A recent study, led by Samuel Läubli, examined the impact of PEMT on the productivity of a small team of translators in the field of banking and finance. Läubli is a PhD candidate at the University of Zurich, CTO of TextShuttle, and a previous speaker at SlatorCon.

Researchers ran the study using domain-adapted neural machine translation (NMT) with the in-house translation team of Migros Bank based in Zurich, Switzerland. Migros Bank is the banking arm of Switzerland’s largest retailer, Migros, and operates across the country’s German-, French-, and Italian-speaking regions. The bank runs 67 branches, employs over 1,300 staff and, in 2018, generated a profit of CHF 204m (USD 205m).

In 2016, Migros Bank decided to reduce the work farmed out to language service providers (LSPs), bringing back in-house more of its approximately 2 million words in annual translation volume.

The bank built a small internal translation team of 2.8 full-time staff and rolled out translation management system Across. Initially, the plan was for the internal team to cover about 60% of the translation workload. According to Läubli, however, that grew to 80% thanks to the deployment of PE(N)MT.

PEMT: Empirically Tested

Läubli et al. went about to “empirically test how the inclusion of NMT, in addition to domain-specific translation memories and termbases, impacts speed and quality in professional translation of financial texts.”

The study found that “even with language pairs that have received little attention in research settings and small amounts of in-domain data for system adaptation, NMT post-editing allows for substantial time savings and leads to equal or slightly better quality.”

Four translators of the bank participated in the study, two for each language pair. In each language pair, there were two experimental conditions: one was translation memory (TM)-only and the other was PEMT — that is, translators were editing NMT output.

In the first set, translators had access to a domain-specific TM, a domain-specific termbase, and any online service (except machine translation) in a translation environment they were used to. In the second, they had access to all of it as well, except that sentences with no fuzzy match of at least 80% in the TM were run through the NMT engine.

French versus Italian

In the German into French language combination, the average speed achieved per hour was 585 and 934 words in TM-only and post-edited respectively; an increase of nearly 60%. For reference, a good portion of Slator readers polled on PEMT speed concurred that around 1,000 words per hour was a realistic hourly output.

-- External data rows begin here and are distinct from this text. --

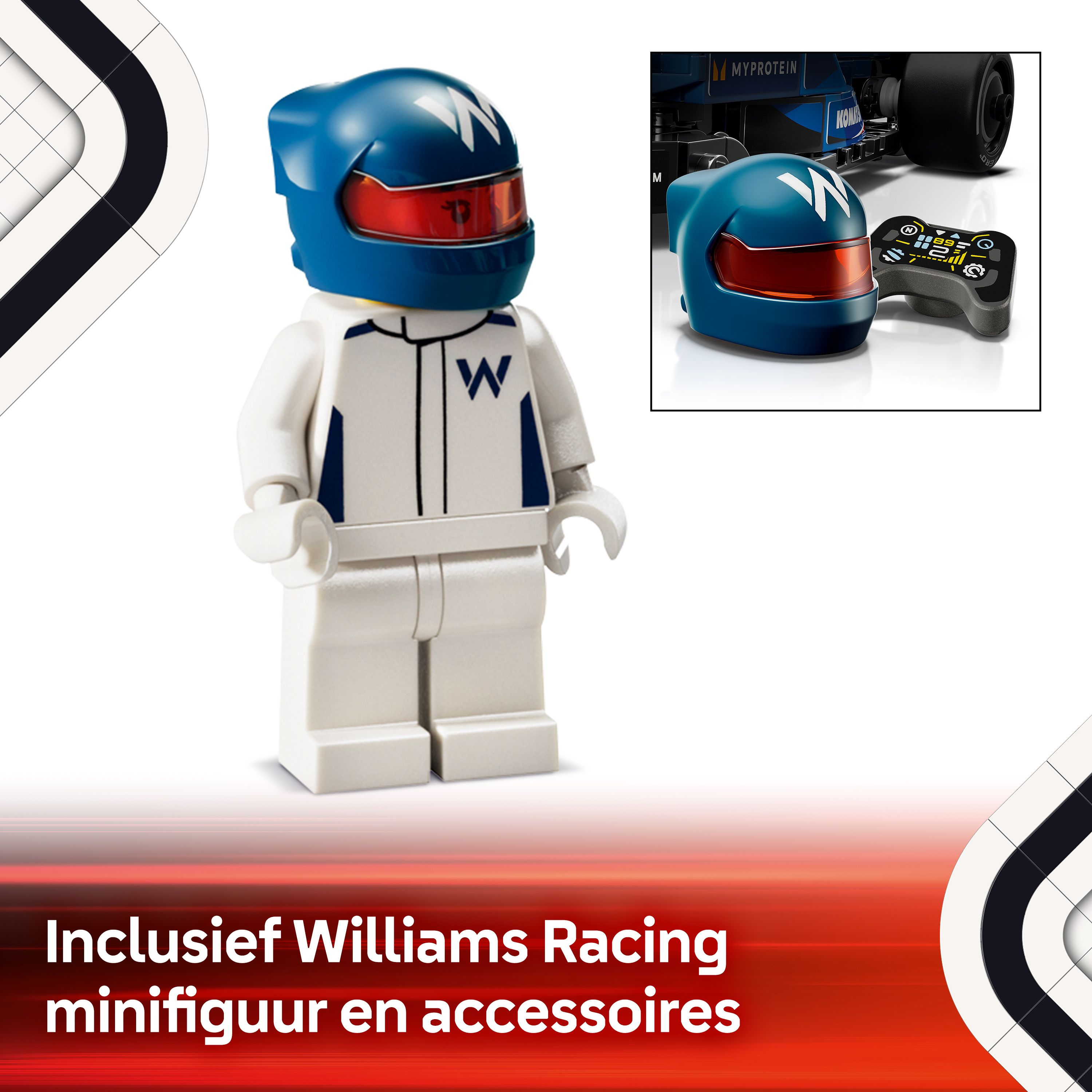 De bouwbare F1 speelgoed auto wordt ook geleverd met een minifiguur van een F1 coureur in een Williams Racing outfit en een helm om in de cockpit te plaatsen en mee te racen. Met LEGO Speed Champions sets kunnen kinderen en racefans modellen bouwen van een aantal van de meest iconische voertuigen ter wereld, waaronder andere Formule 1 auto's (apart verkrijgbaar) uit het kampioenschap van 2024.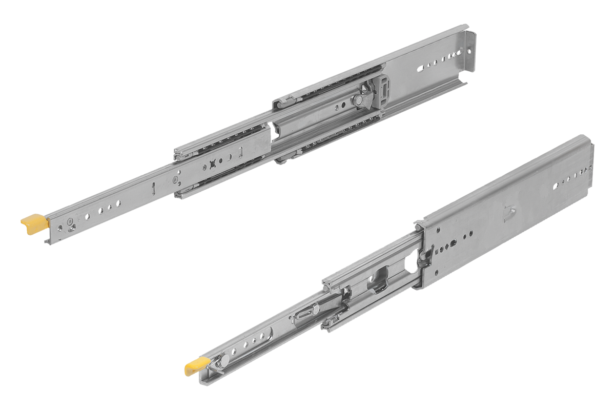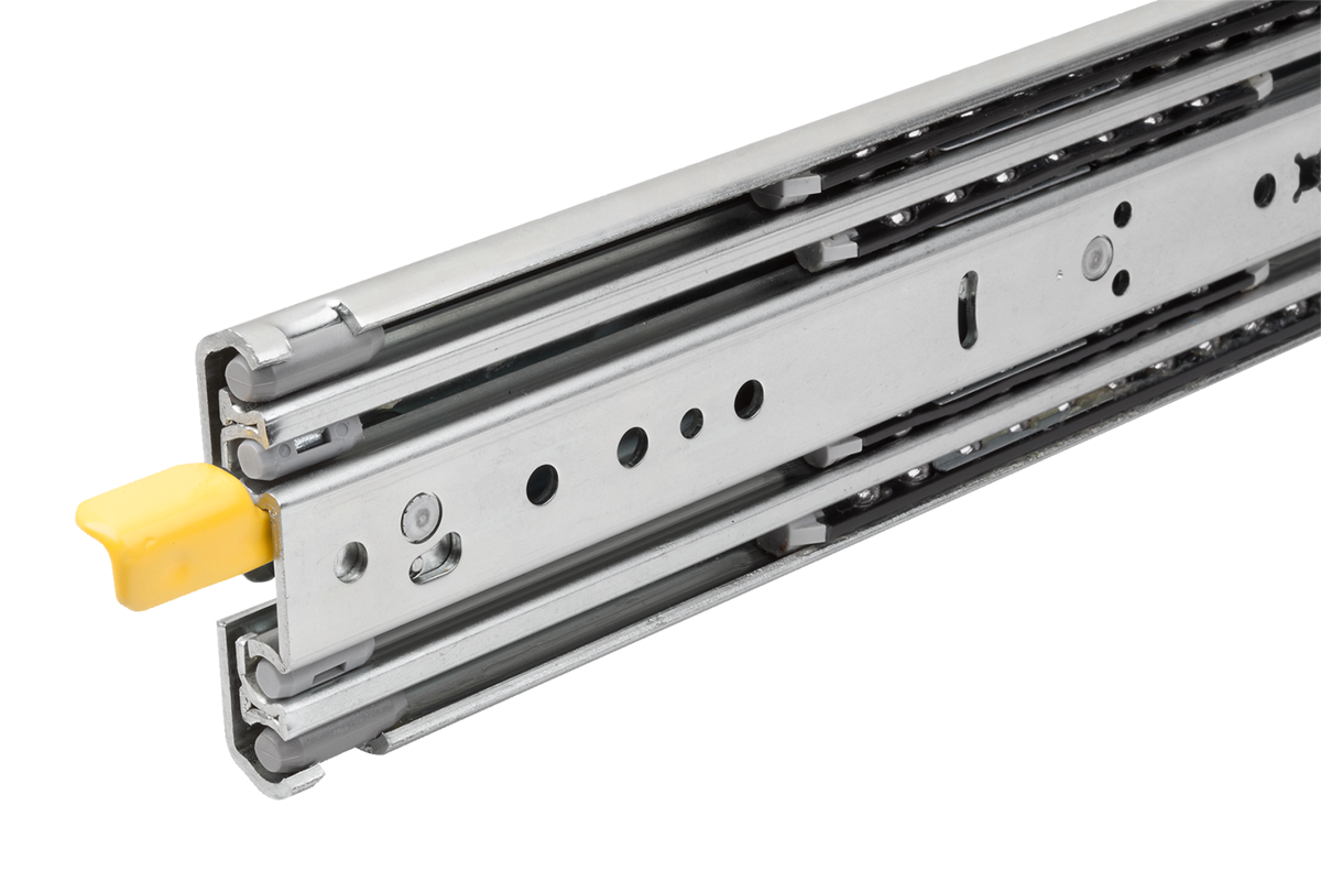 By telescopic slides with full extension, the travel is roughly equal to the installed length, which ensures greater comfort and accessibility. Latches in open and closed positions. The telescopic slides can only be opened or closed after the release lever has been actuated. The dynamic load capacity of the telescopic slides indicates the maximum load rating of a vertically mounted slide pair when the entire extension length is used. The load capacities specified refer to the maximum value for 10,000 cycles.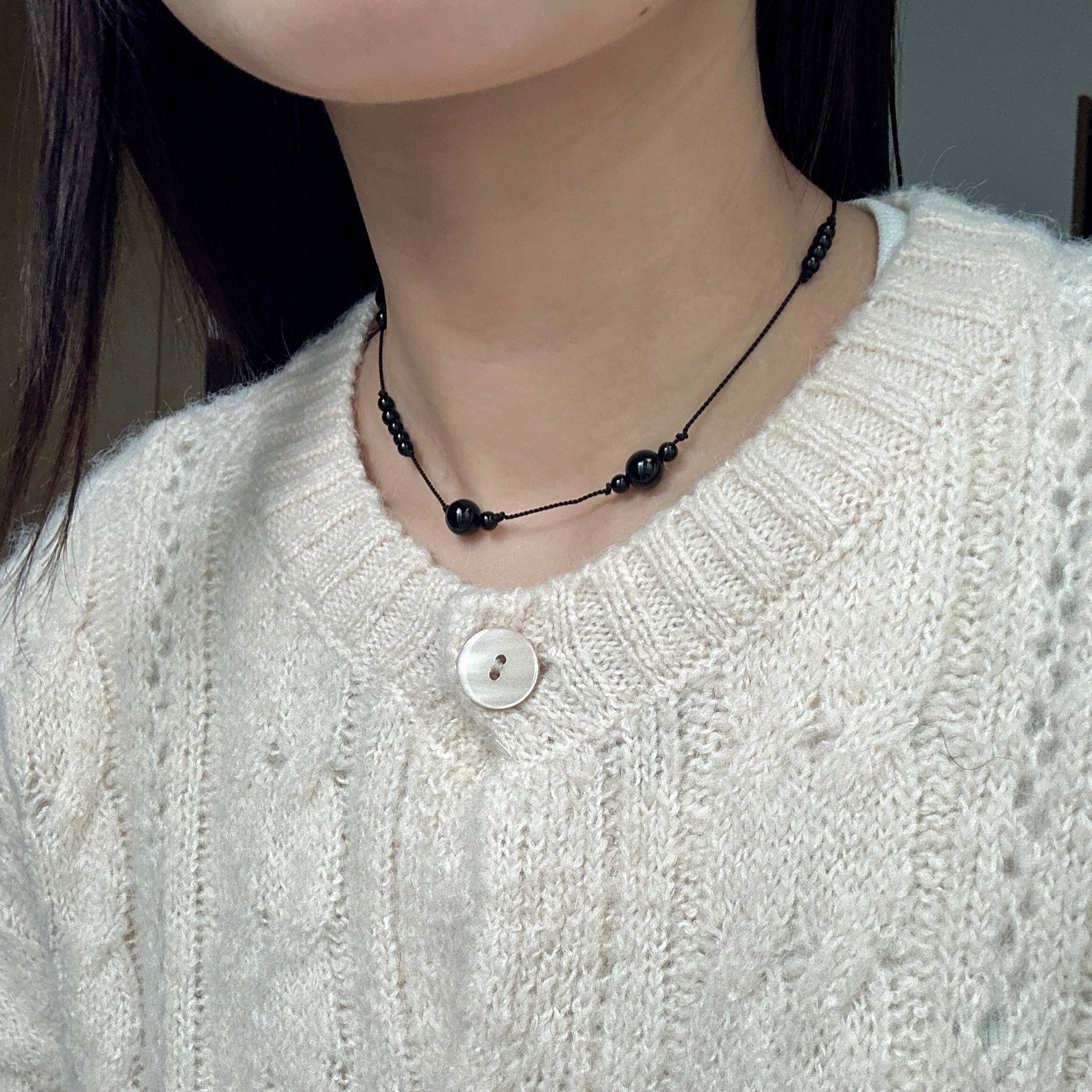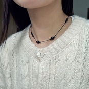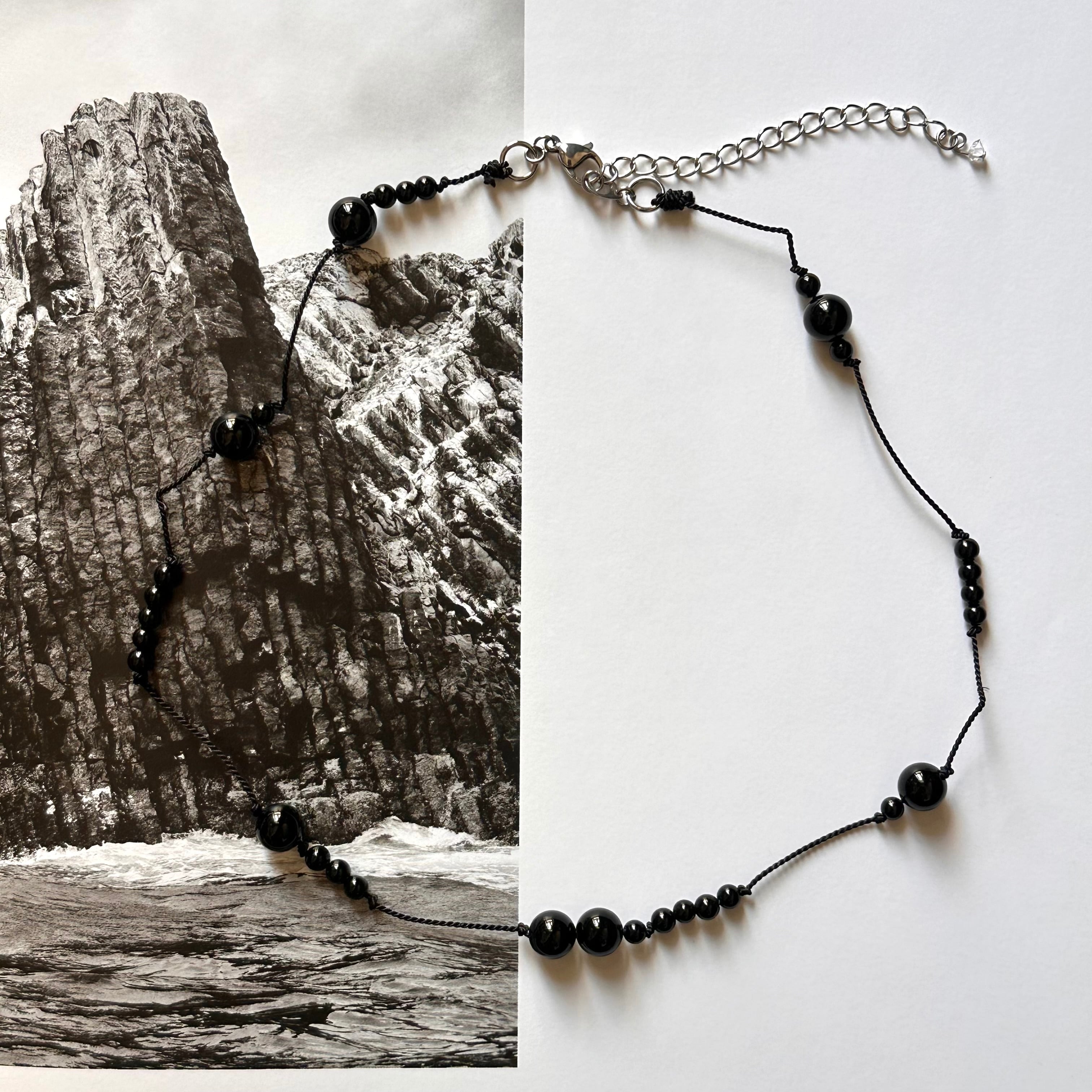 深いブラックの天然石・オニキスを使用した、シンプルながら凛とした印象のネックレス。

The difference was less marked with Italian as a target language, with 453 and 495 words per hour produced in TM-only and post-edited respectively; a 9% increase in speed.

In one of the texts provided for translation into French, the maximum speed achieved with PEMT was 1,237 words per hour, as opposed to 683 words per hour with TM-only. For Italian, the maximum speed in post-edited was 648 words, and 553 words in TM-only. Three out of four translators were faster on average using PEMT.

Quality was reviewed on five parameters: coherence, cohesion, grammar, style, and cultural adequacy. Overall, in French, there was no difference in quality between texts produced with and without NMT. In Italian, texts translated with MT received slightly higher scores. Cohesion was found to be better in texts produced without MT in both French and Italian.

The research provides no conclusive explanation as to why results were better with French as the target language. One possible reason mentioned is the German to Italian engine was trained with less in-domain material than the German to French one.

Chantal Amrhein, Patrick Düggelin, Beatriz Gonzalez, Alena Zwahlen, and Martin Volk were Läubli’s co-researchers.